和解期日の経過
今回の和解期日は、尋問を踏まえて裁判所から設定されたもので、事前に双方の和解意思を確認したうえで設けられたものではありませんでした。
期日はWEB会議形式で実施され、まず原告側・被告側・裁判所がMicrosoft Teamsで接続し、出席者の確認が行われました。
- 原告側
- 原告訴訟代理人 弁護士 岩井羊一
- 原告X
- 原告Y
- 被告側
- 被告訴訟代理人 弁護士 鹿倉祐一
- 裁判所
- 裁判長 松田氏
- 左陪席 長船氏
原告側との協議
出席者確認後、まず原告側のみが裁判所との協議に入り、被告側はいったん退出しました。和解協議では、基本的に当事者ごとに裁判所と個別に話をする運用であると聞いていましたが、実際にもその形で進行しました。
原告側の和解条件について、原告代理人からは、「請求のすべてが容認されなければ和解は難しい」という趣旨の回答がなされました。
その後、裁判所から原告Xに対して直接、現在の体調で復職が可能な状態であるかとの質問がありました。
原告Xは上記の趣旨で回答しました。
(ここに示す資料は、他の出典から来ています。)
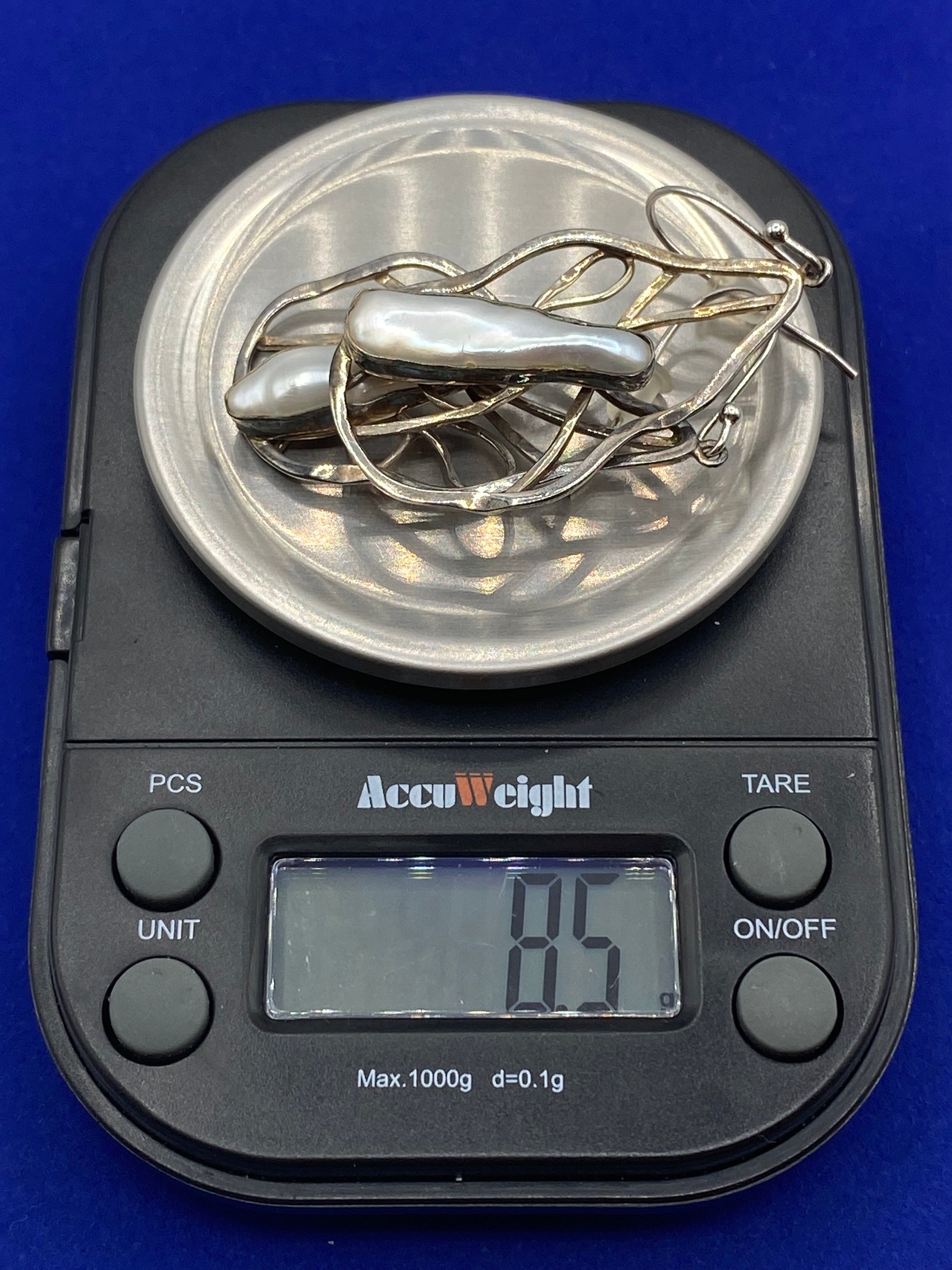 The earrings are about 1.5 inches long and weighs about 8.5 grams.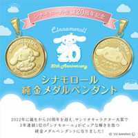 サンリオ“シナモロールデビュー20周年記念”世界で限定500枚! シナモロールが「純金メダルペンダント」に!11月11日発売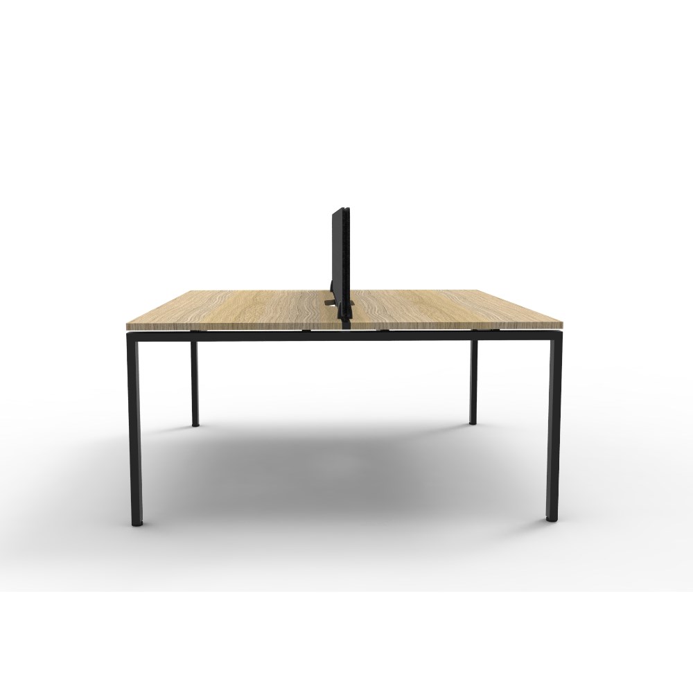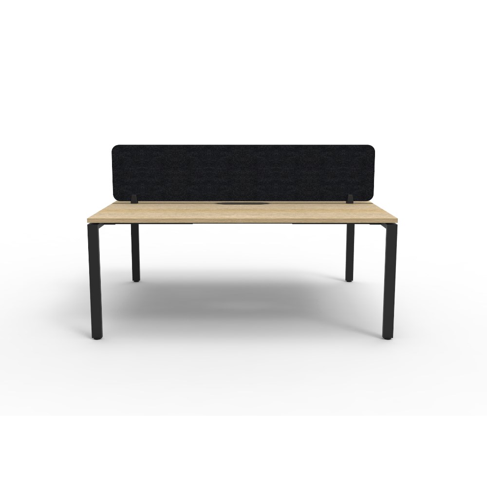 2 person double sided workstation with Natural Oak top and Black Satin frame, Black Eco screen.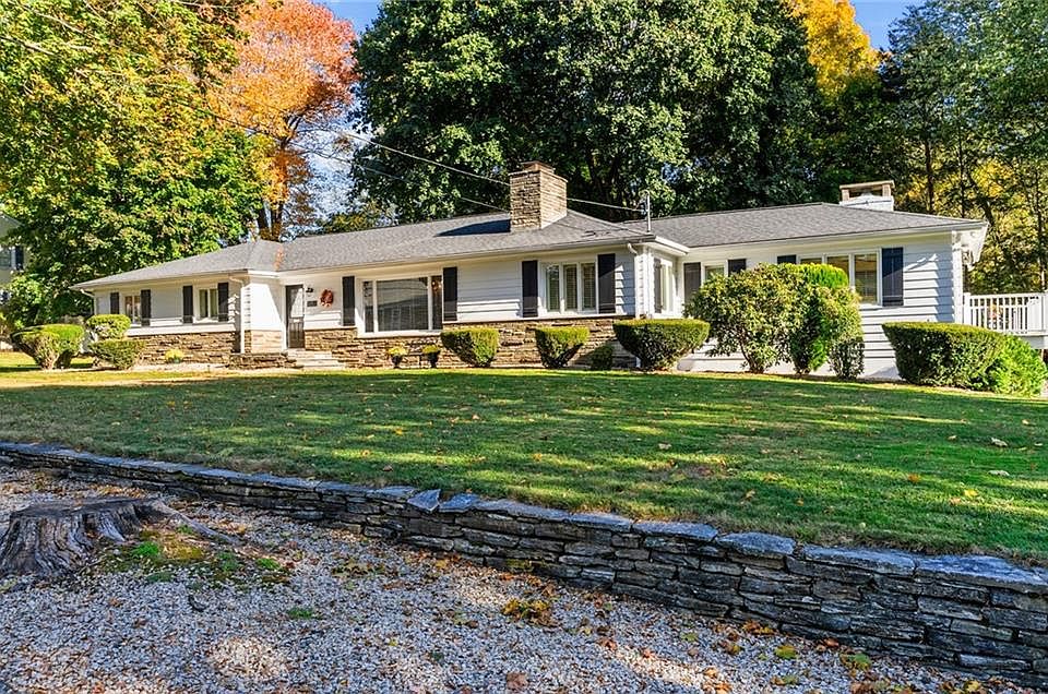 North Smithfield. One level Ranch in pristine condition. This is an exceptional home that has been meticulously cared for and significantly updated. Ideally situated just minutes away from all conveniences while offering peaceful and tranquil living. The interior features a flexible floor plan offering a range of living options for in-law arrangements or guest suites. Entering into the welcoming foyer sets the tone for the home's warmth, elegance, and open feel, with lots of natural light and high ceilings. The spacious living room is adorned by picture window, stone fireplace, and crown moldings. The bedroom wing features the spacious primary suite with two additional bedrooms, and a 4th room for office or guest bedroom with a shared full bathroom. The centerpiece of the home is the stunning St. Charles kitchen, a highly sought-after mid-century modern design featuring sleek counters, stainless steel trim, and ultra-clean lines. Off the kitchen, a quiet area serves as a den or an intimate dining room. A surprise bonus room elegantly appointed with built-in shelves, fireplace, can serve as an IN-LAW of GUEST suite. Making this complete is a full bathroom with walk-in shower and private balcony. Downstairs, the partially finished walkout basement features a family room, half-bathroom, bar area, fireplace, and a recreation room that can be converted into an IN-LAW, gym, office, or more living area. Large, flat yard for pool or play. Central Air, public water and sewer.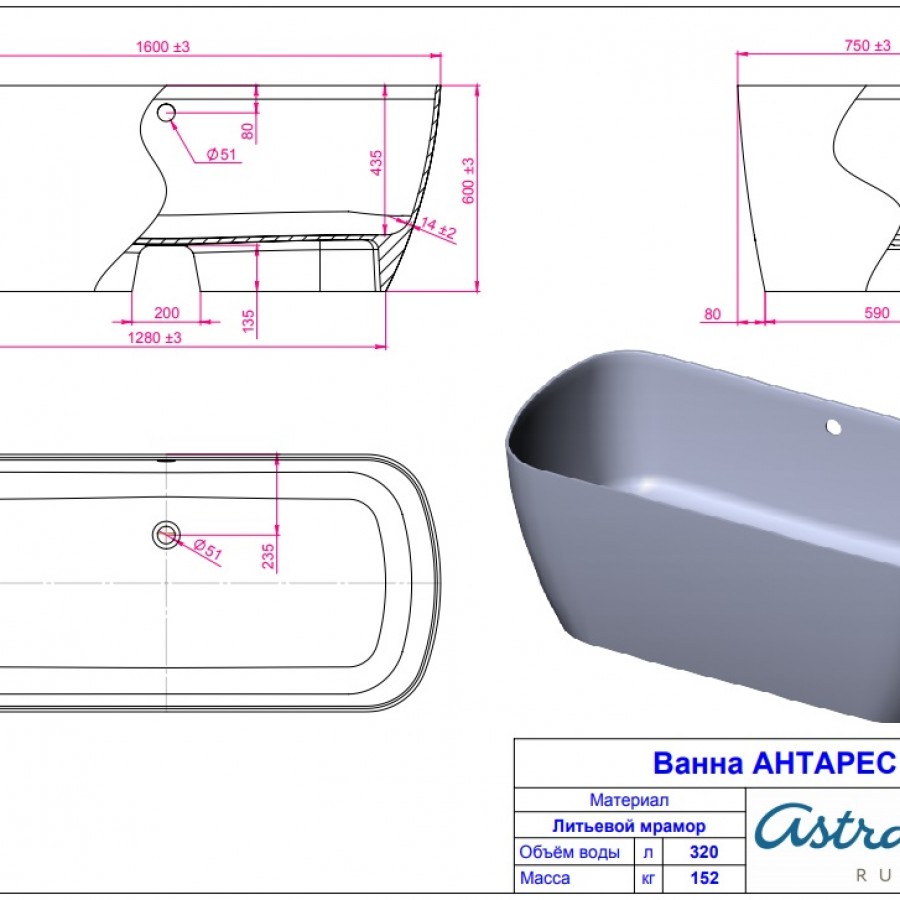 Ванна из литьевого мрамора Asrta-Form Антарес 160х75 см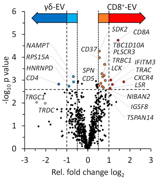 Quantitative analysis of EVs from expanded CD8+ T cells and zoledronate-stimulated γδ T cells. Individual proteins with significant fold-change differences are marked and indicated by their gene names within the volcano plot. In addition, we highlighted the TCR γ and δ chains although their fold-change difference did not reach significance. The color code of the arrows corresponds to Supplementary Table S2: Dark Red – Significantly higher abundant in EVs of CD8+ T cells (Strict); Light Red—Significantly higher abundant in EVs of CD8+ T cells (Moderate); Dark Blue—Significantly higher abundant in EVs of γδ T cells (Strict); Light Blue—Significantly higher abundant in EVs of γδ T cells (Moderate).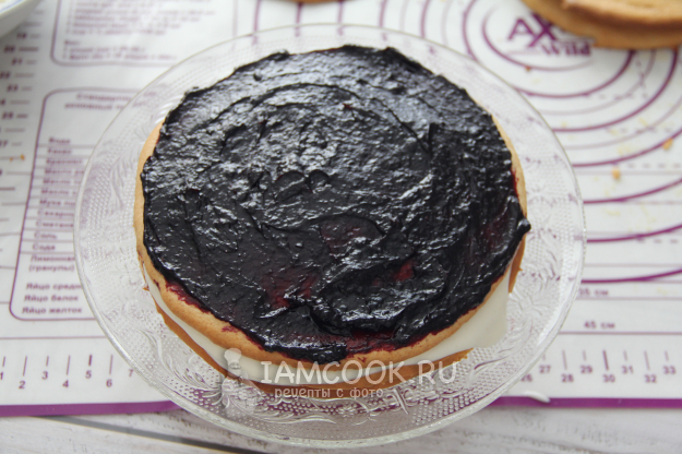 Собрать торт. Смазать коржи сметанным кремом, чередуя с черничным конфи.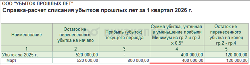 - остаток несписанного убытка: 520 000 — 400 000 = 120 000 руб.
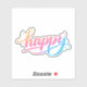 A cheerful and modern "happy" design featuring a beautiful flowing script with a vibrant pastel gradient of orange, pink, and blue. Decorative sparkles and dots add a touch of magic and positivity to this clean, uplifting artwork.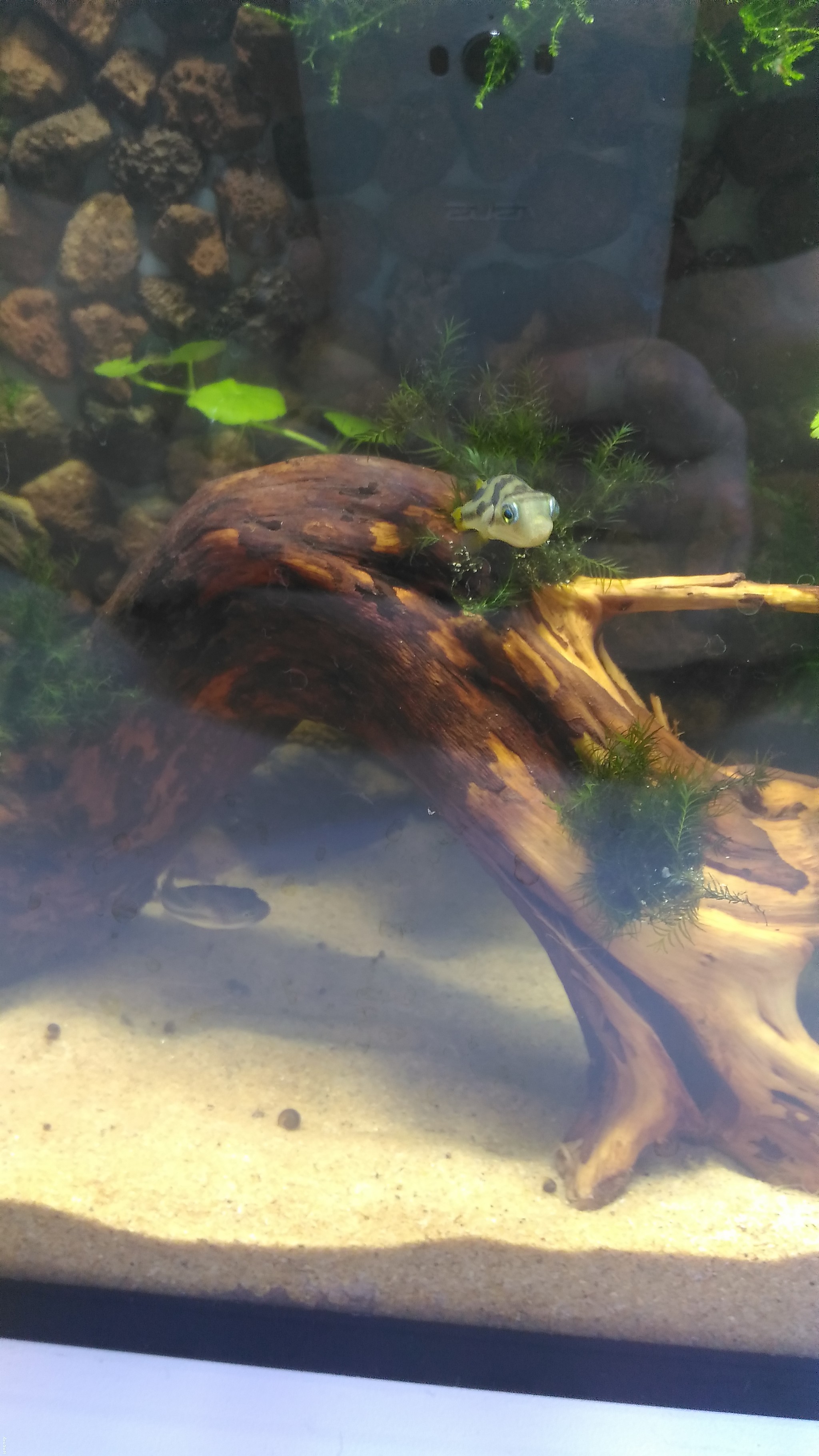 Интересно, что все тетрадоны, которые у меня были едят только мелких улиток катушек размером 1-3 мм, но один из них есть еще замороженный мотыль, другие даже пробовать его не стали. В целом, очень забавные рыбки, наблюдать за ними одно удовольствие. Особенно интересно смотреть, как они высматривают улиток своими огромными глазками, которые постоянно находятся у них в движении относительно головы, очень необычно)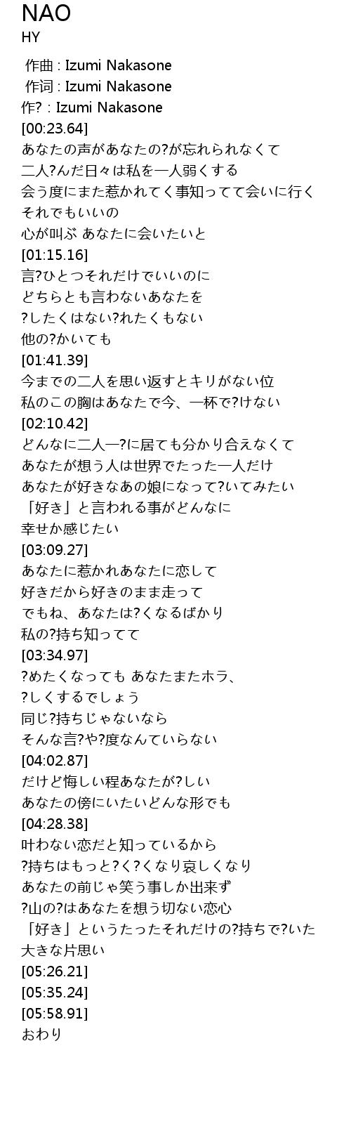| [00:00.00] | zuò qǔ : Izumi Nakasone |
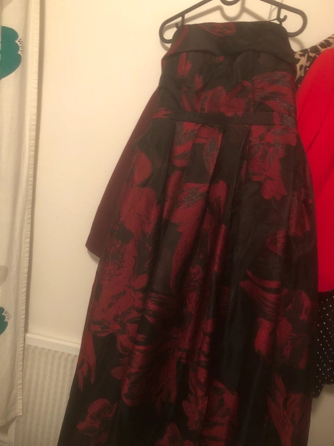 Selling a beautiful Le Chateau dress with a black and red floral pattern! It's in great condition and ready for a new home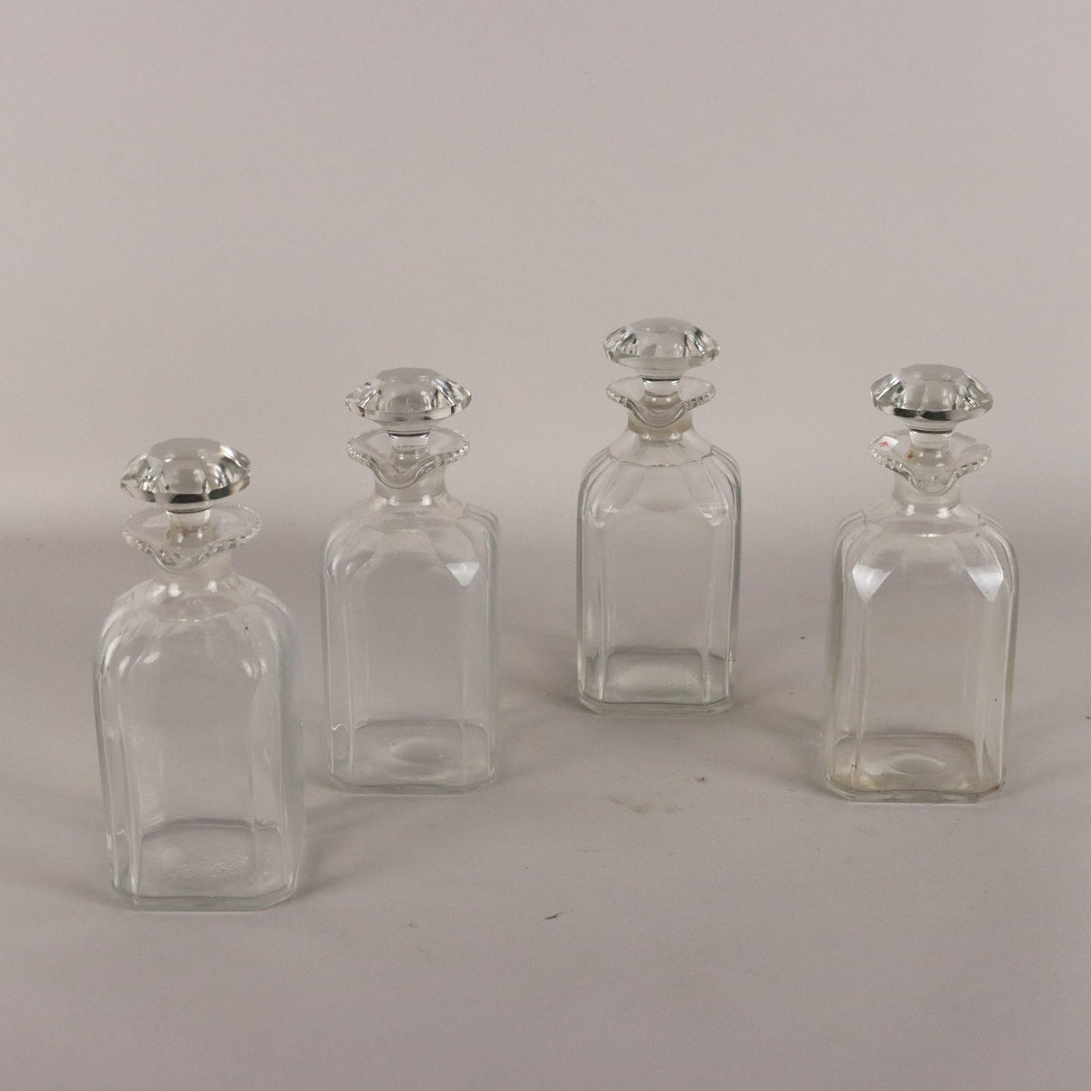 Liquor box in Indian walnut with brass handles and profiles. Coeval lock marked Bramah Patent. Colorless crystal bottles. Boxes, , collector's articles, ancient objects, container.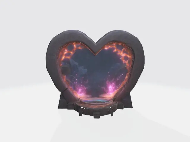 A heart-shaped portal radiating a soft, magical glow, perfect for fantasy or romance-themed worlds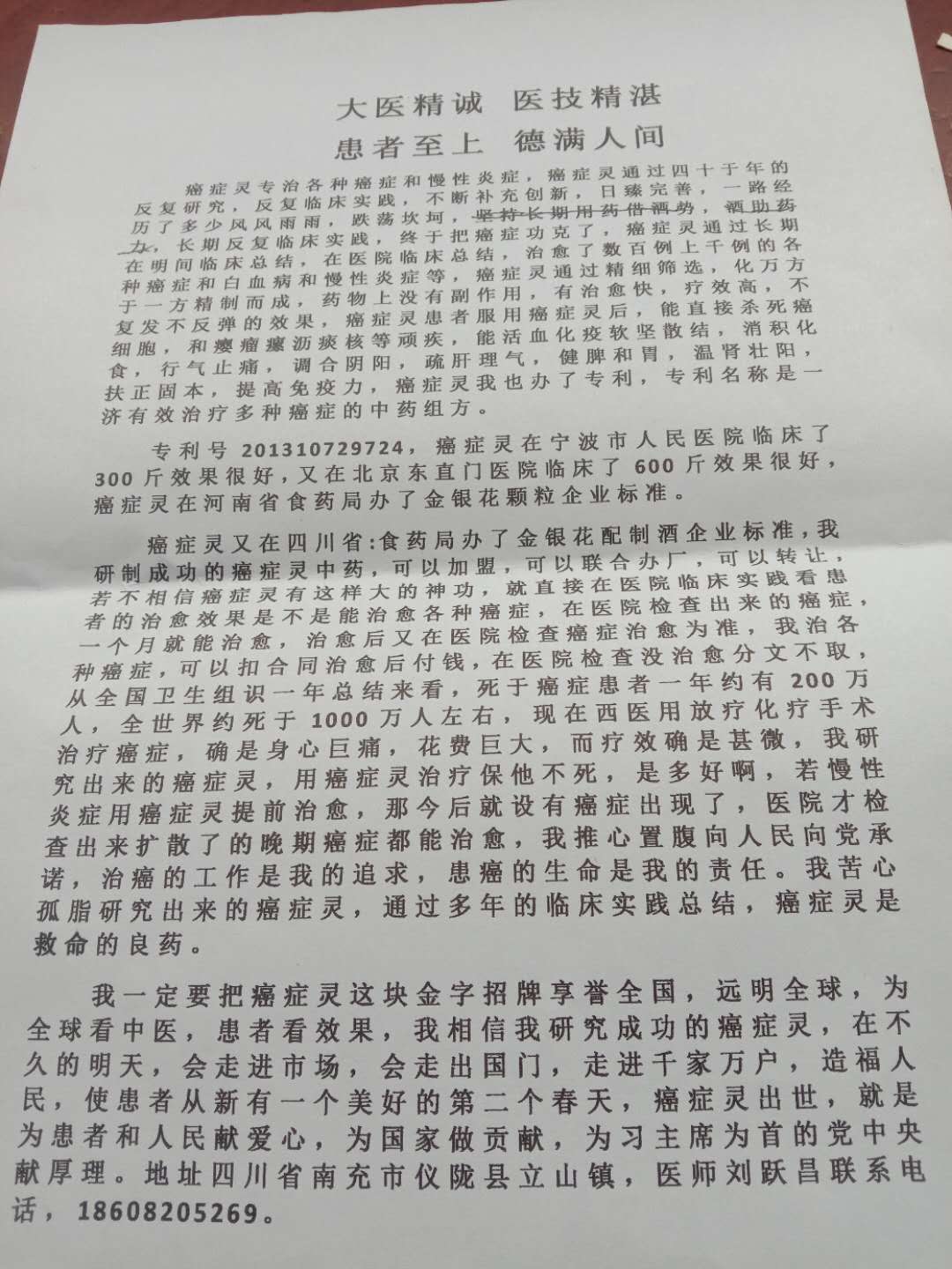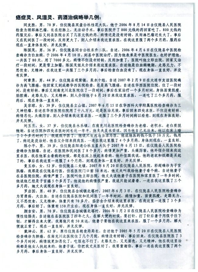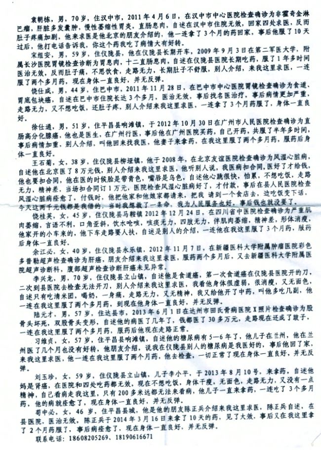 三十年的苦心钻研,三十年的孤诣拼搏,反复研究,反复临床实践。化万方于一方,不断补充发展,日臻完善,成功研制了癌症灵风湿灵,用癌症灵风湿灵治愈了许多的危重癌症患者,夺回第二次生命,自己一直德技并济实事求是的治病原则。真心为患者服务,取得了看得见摸得着的实际疗效的硬道理,让治愈的患者作证,治愈后不反弹,不复发,癌症灵、风湿灵治愈各种癌症和疑难杂症,能彻底治愈,又无毒副作用,赢得了社会各界人士的尊重和患者的信任。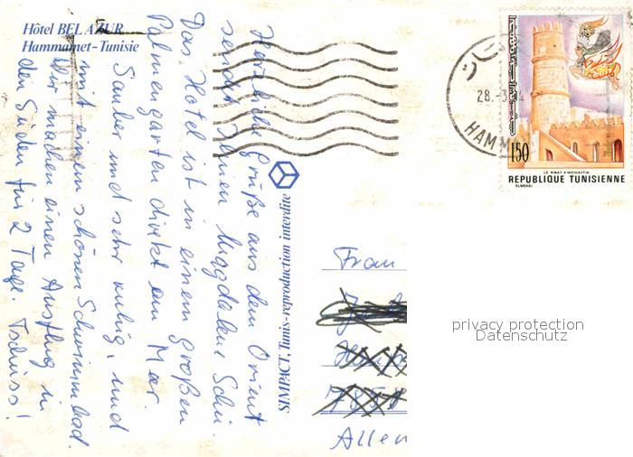 alte Postkarte Hammamet Hotel Bel Azur vue aerienne postalisch gelaufen Erhaltung siehe scans [FriedD77]

それ以外に大きな質疑応答はなく、裁判所から原告側に対して、次回までの検討事項として書面提出を求められました。
原告側との協議は、おおむね5分程度で終了し、その後、原告側はいったんWEB会議から退出しました。
被告側との協議
続いて被告側と裁判所との間で個別の協議が行われました。この間の具体的なやり取りについて、原告側は把握していません。
所要時間は原告側よりやや長く、体感では15分程度であったと思われます。
三者再接続後の確認
その後、原告側が再度呼び出され、原告側・被告側・裁判所の三者が接続した状態で、次回までの検討事項について確認が行われました。
原告側については、先ほど示されたとおり、安全配慮義務違反について、概略的な主張や法律論ではなく、個別具体的な事実関係を書面で整理することが求められました。
被告側については、「損害額の基礎となる令和2年の給与についての具体的反論」を書面で整理することが求められたとの説明がありました。
また、被告側の和解に関する回答として、「労災が決まっていないのに和解はできない」という趣旨の意向が原告側に伝えられました。
この日の協議によって、原告側・被告側ともに従来の主張を維持しており、現時点で双方の立場に大きな変化がないことが明らかになりました。
そのため、この期日だけで和解に向けた具体的な進展があったとは言い難い状況でしたが、裁判所の判断により、次回も引き続き和解協議を行うこととなりました。
もっとも、次回までには双方から準備書面が提出される予定であり、訴訟上の主張整理も並行して進められることになりました。